### INSTRUCTIONS FOR THE TASK:
The answer must be an exact copy of the lines from the top of the listing below through the line with "New Feature: New", with no pictures.

### DATASET RECORDS:
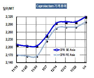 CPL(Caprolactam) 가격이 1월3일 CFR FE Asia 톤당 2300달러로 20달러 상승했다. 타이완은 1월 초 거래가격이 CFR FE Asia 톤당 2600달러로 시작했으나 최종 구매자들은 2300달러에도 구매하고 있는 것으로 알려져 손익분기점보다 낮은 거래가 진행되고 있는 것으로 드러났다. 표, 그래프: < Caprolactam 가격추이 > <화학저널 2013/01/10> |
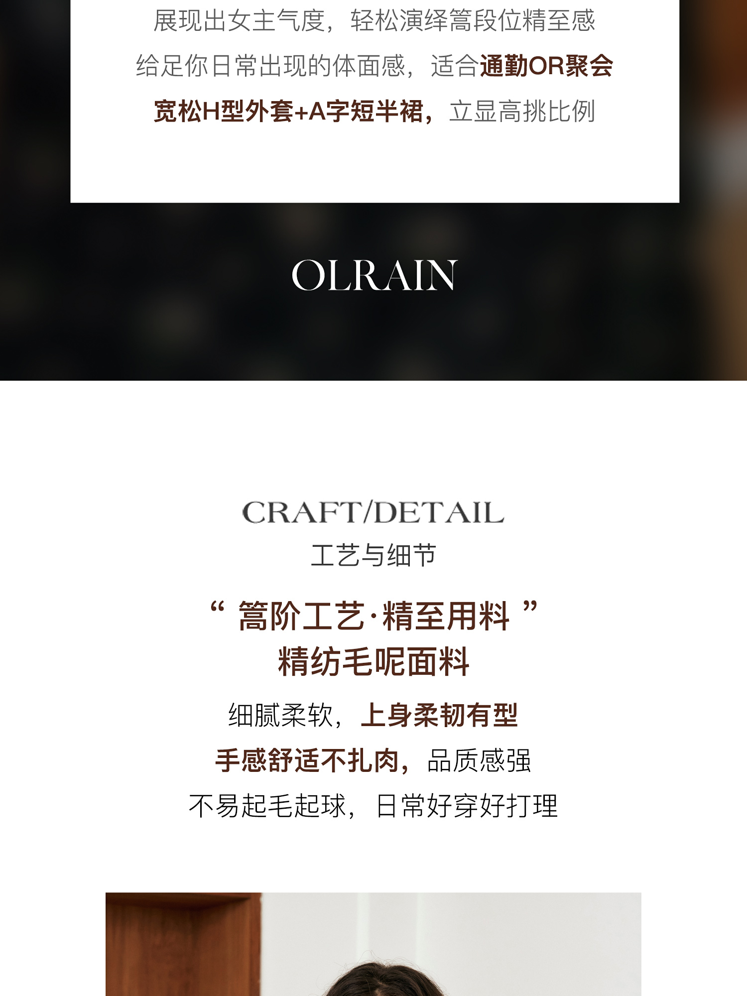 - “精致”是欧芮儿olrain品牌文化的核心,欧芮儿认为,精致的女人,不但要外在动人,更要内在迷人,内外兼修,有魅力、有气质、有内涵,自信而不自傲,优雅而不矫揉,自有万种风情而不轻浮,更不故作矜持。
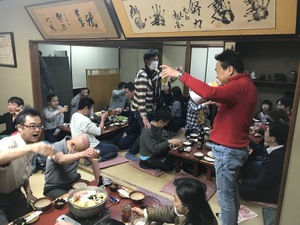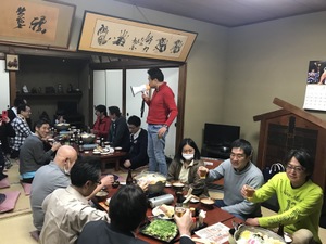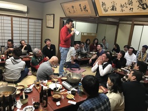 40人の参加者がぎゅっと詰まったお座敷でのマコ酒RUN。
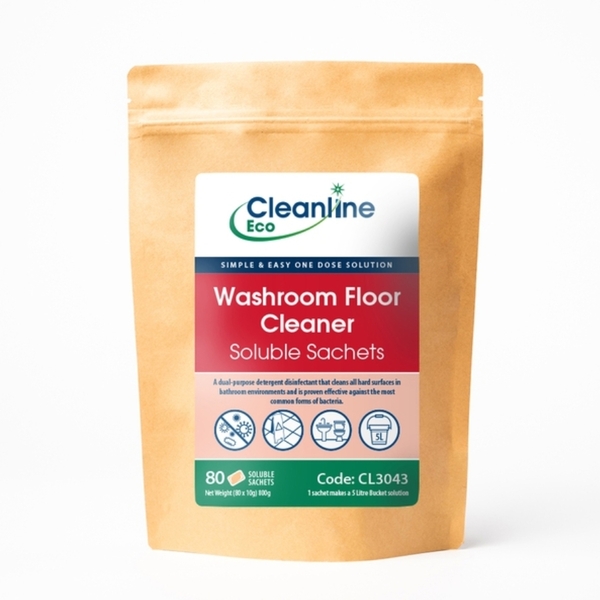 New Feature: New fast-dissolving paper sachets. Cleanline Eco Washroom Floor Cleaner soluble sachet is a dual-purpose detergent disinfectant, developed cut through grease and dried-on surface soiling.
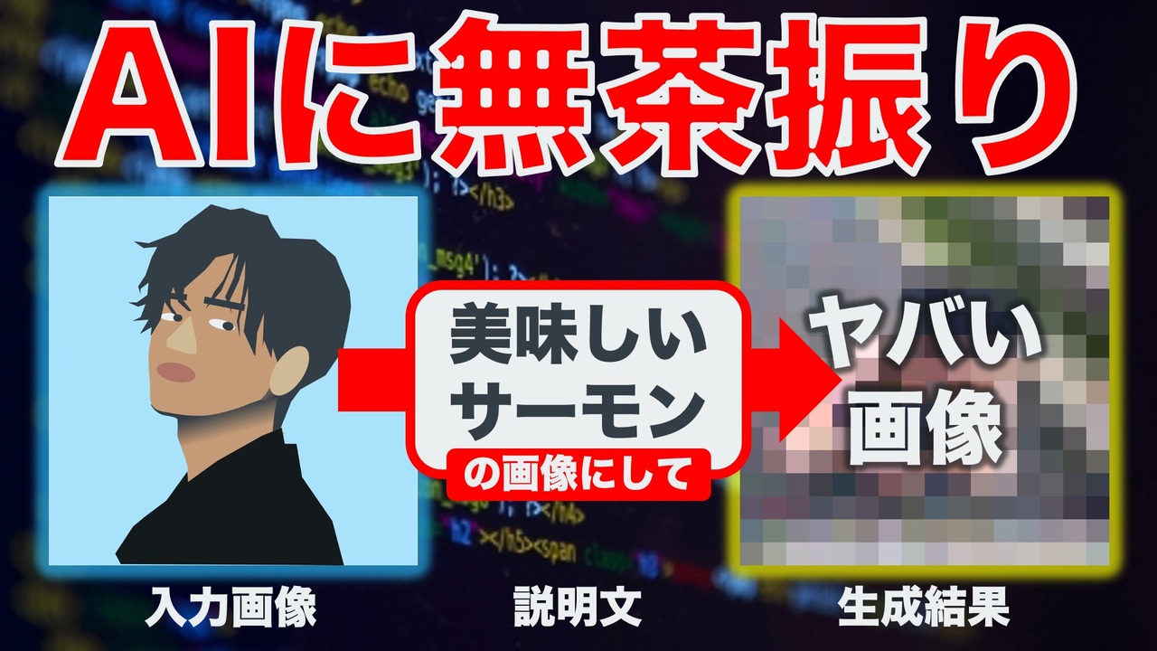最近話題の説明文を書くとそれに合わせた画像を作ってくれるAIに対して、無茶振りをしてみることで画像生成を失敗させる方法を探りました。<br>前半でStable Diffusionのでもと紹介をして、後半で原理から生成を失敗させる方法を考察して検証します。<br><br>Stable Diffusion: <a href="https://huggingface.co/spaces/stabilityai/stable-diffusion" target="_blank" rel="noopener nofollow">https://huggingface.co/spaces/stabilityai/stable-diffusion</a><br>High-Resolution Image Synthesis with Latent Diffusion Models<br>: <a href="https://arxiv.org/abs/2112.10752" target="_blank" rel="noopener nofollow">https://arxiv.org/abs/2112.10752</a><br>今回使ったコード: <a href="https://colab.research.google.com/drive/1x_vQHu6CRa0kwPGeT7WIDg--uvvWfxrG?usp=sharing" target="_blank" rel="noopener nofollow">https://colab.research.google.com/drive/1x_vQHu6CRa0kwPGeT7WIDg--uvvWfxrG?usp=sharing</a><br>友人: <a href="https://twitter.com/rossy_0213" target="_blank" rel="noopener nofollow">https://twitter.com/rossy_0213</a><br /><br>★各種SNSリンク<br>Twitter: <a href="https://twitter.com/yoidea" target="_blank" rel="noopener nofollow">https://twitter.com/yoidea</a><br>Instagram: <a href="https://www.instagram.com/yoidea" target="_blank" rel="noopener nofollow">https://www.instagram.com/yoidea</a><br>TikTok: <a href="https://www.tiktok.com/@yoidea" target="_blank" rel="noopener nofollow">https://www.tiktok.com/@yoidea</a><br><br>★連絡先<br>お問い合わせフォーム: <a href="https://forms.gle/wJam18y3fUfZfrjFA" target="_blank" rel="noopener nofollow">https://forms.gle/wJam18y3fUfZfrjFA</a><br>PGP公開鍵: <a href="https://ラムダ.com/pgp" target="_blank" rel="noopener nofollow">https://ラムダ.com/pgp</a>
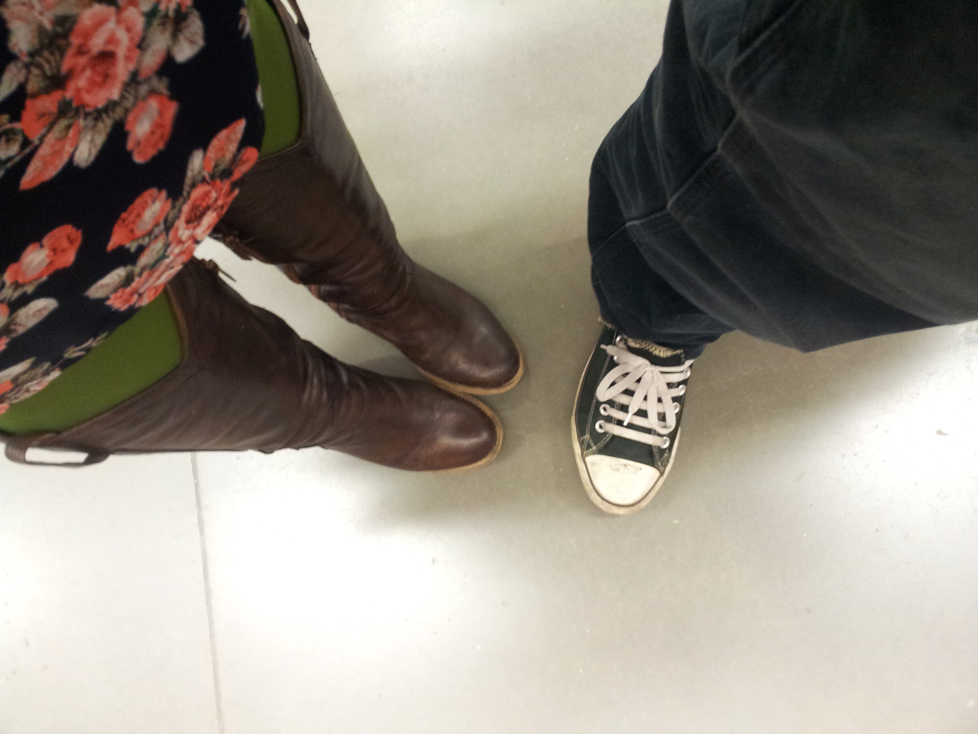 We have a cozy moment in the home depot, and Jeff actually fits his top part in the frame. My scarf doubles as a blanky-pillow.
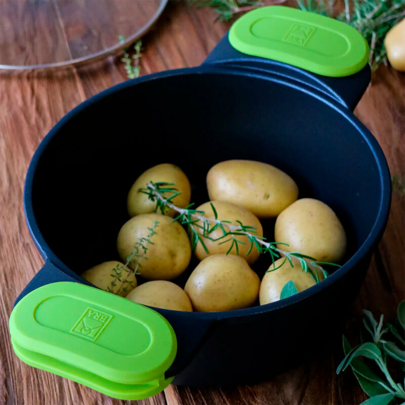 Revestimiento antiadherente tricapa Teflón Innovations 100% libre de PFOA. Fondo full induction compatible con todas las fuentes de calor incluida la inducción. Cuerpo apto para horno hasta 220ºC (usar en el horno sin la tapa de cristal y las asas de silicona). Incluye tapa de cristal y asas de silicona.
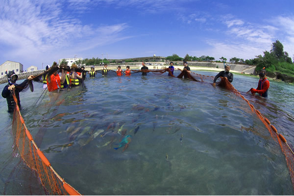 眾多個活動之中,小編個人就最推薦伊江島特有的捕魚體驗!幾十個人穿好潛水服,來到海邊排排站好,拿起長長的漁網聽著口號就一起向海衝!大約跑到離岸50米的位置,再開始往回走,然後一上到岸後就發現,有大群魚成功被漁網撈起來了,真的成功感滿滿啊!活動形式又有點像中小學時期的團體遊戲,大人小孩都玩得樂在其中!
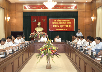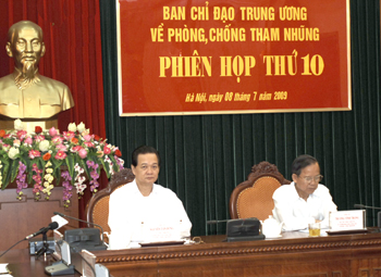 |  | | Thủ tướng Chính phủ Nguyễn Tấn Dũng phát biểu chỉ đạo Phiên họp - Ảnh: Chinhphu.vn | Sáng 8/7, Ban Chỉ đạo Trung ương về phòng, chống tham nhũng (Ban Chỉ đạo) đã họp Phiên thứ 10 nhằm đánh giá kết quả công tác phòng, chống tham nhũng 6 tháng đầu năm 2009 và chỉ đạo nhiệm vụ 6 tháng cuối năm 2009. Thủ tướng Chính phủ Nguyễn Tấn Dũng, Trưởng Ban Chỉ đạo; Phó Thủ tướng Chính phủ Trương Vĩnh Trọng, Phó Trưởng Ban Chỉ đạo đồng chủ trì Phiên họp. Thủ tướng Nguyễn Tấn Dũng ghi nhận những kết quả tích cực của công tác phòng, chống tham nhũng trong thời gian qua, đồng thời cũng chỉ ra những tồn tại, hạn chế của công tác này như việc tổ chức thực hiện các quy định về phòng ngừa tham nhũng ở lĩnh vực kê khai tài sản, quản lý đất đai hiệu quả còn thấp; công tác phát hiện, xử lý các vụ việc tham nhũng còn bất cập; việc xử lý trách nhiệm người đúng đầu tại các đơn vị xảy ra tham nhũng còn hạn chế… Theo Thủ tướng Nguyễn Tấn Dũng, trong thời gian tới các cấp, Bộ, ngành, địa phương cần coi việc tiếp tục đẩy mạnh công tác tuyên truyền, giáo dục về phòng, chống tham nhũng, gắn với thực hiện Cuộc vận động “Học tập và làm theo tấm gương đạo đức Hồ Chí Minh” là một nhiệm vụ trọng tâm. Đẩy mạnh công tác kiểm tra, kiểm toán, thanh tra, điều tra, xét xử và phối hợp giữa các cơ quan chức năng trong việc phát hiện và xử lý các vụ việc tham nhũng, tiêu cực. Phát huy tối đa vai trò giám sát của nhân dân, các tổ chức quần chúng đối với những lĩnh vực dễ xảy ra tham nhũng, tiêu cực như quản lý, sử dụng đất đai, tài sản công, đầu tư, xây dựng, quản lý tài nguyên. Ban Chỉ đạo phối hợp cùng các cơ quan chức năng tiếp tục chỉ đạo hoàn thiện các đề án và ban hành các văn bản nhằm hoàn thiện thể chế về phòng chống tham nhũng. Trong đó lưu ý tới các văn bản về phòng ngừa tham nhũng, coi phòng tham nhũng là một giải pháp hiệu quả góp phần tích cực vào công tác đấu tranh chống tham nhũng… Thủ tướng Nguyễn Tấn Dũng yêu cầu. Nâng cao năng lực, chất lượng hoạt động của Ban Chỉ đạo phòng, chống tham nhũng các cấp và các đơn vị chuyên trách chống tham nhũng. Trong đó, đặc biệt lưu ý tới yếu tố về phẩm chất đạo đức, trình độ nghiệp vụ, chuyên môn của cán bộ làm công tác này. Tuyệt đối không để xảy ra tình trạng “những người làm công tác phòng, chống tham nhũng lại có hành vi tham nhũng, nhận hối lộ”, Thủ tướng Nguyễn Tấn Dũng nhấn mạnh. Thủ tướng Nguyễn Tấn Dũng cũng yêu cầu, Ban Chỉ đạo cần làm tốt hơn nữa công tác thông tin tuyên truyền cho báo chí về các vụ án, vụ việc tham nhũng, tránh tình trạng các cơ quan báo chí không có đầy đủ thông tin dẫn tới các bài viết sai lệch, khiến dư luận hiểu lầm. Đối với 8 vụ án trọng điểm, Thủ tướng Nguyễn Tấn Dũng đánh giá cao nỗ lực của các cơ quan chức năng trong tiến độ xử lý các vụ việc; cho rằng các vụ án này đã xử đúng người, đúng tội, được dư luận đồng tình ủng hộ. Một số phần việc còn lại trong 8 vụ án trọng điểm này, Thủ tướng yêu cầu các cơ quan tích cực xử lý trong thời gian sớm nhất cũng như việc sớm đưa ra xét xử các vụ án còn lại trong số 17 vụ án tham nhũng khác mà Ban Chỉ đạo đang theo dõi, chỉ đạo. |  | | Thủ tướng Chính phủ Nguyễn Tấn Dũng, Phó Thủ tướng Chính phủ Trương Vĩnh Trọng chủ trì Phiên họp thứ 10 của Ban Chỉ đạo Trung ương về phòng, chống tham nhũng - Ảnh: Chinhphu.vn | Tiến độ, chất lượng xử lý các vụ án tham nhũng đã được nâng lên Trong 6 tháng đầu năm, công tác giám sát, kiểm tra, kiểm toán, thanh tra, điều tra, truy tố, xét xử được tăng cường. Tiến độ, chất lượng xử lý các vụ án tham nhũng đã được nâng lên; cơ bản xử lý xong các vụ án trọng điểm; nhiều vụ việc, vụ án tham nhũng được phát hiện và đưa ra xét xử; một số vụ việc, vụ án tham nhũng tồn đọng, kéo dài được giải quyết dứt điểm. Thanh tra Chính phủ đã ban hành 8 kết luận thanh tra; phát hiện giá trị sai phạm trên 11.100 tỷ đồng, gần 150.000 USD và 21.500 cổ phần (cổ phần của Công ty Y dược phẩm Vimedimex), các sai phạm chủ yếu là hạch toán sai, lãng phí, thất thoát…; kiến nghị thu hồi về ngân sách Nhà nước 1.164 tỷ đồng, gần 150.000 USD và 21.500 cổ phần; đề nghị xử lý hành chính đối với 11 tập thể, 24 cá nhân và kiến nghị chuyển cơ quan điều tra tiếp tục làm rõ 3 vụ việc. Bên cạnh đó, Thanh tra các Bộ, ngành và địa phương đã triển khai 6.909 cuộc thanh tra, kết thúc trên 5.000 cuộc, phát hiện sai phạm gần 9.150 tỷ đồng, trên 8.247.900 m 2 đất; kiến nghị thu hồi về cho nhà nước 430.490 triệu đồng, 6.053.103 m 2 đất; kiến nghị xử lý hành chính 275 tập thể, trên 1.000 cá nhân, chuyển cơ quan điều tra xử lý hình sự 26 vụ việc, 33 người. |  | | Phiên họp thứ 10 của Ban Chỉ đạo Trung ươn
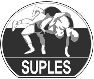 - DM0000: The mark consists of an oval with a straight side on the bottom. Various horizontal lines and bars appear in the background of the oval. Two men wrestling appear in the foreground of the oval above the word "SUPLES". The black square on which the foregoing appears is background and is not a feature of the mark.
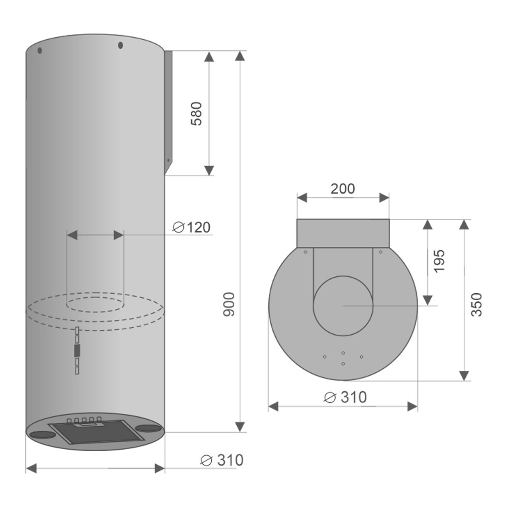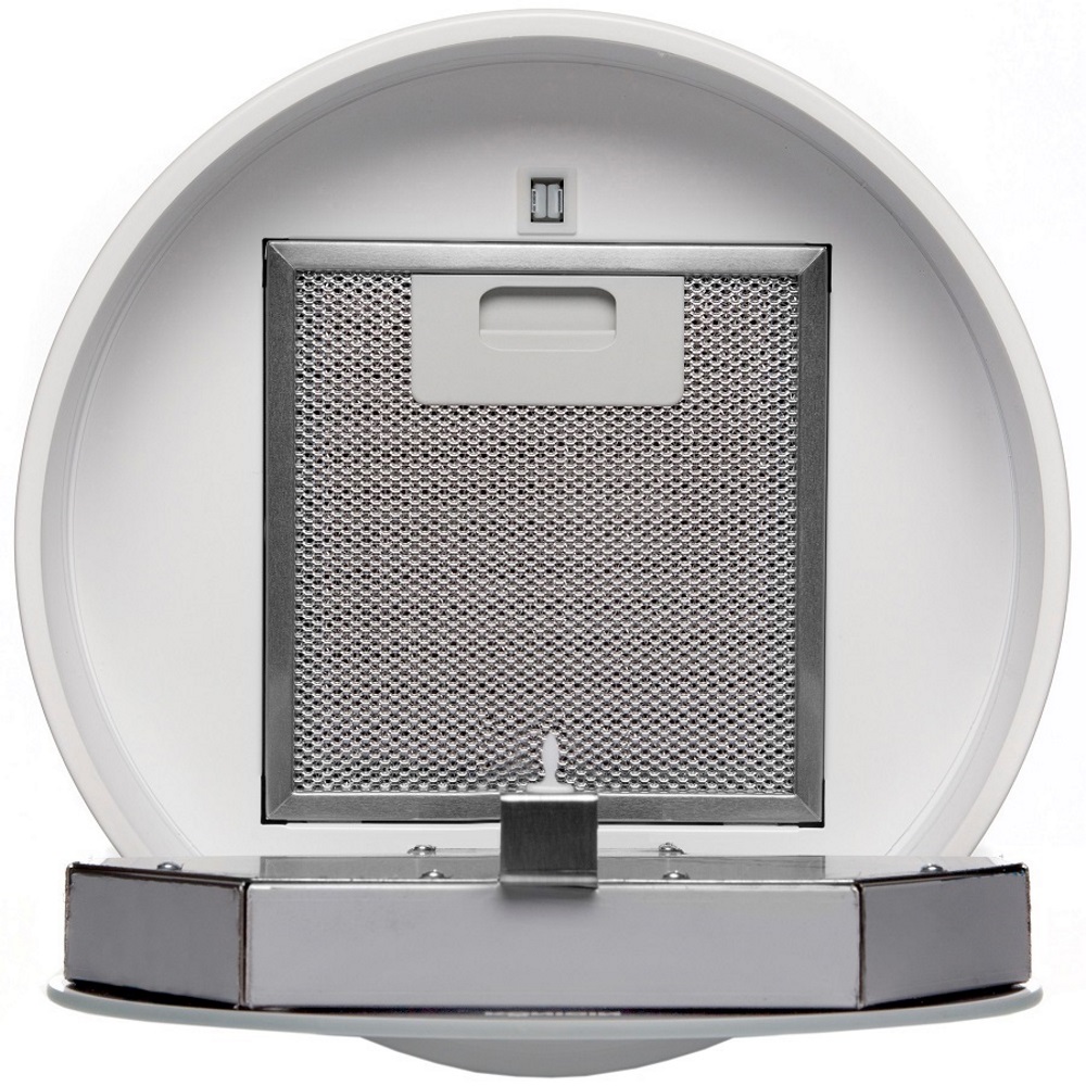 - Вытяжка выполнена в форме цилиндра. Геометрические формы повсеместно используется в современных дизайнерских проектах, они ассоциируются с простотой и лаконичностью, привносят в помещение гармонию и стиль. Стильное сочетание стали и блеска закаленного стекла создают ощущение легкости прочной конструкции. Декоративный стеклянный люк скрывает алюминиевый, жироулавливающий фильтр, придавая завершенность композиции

### SOLVED EXERCISE:
 CPL(Caprolactam) 가격이 1월3일 CFR FE Asia 톤당 2300달러로 20달러 상승했다. 타이완은 1월 초 거래가격이 CFR FE Asia 톤당 2600달러로 시작했으나 최종 구매자들은 2300달러에도 구매하고 있는 것으로 알려져 손익분기점보다 낮은 거래가 진행되고 있는 것으로 드러났다. 표, 그래프: < Caprolactam 가격추이 > <화학저널 2013/01/10> |
 - “精致”是欧芮儿olrain品牌文化的核心,欧芮儿认为,精致的女人,不但要外在动人,更要内在迷人,内外兼修,有魅力、有气质、有内涵,自信而不自傲,优雅而不矫揉,自有万种风情而不轻浮,更不故作矜持。
 40人の参加者がぎゅっと詰まったお座敷でのマコ酒RUN。
 New Feature: New fast-dissolving paper sachets. Cleanline Eco Washroom Floor Cleaner soluble sachet is a dual-purpose detergent disinfectant, developed cut through grease and dried-on surface soiling.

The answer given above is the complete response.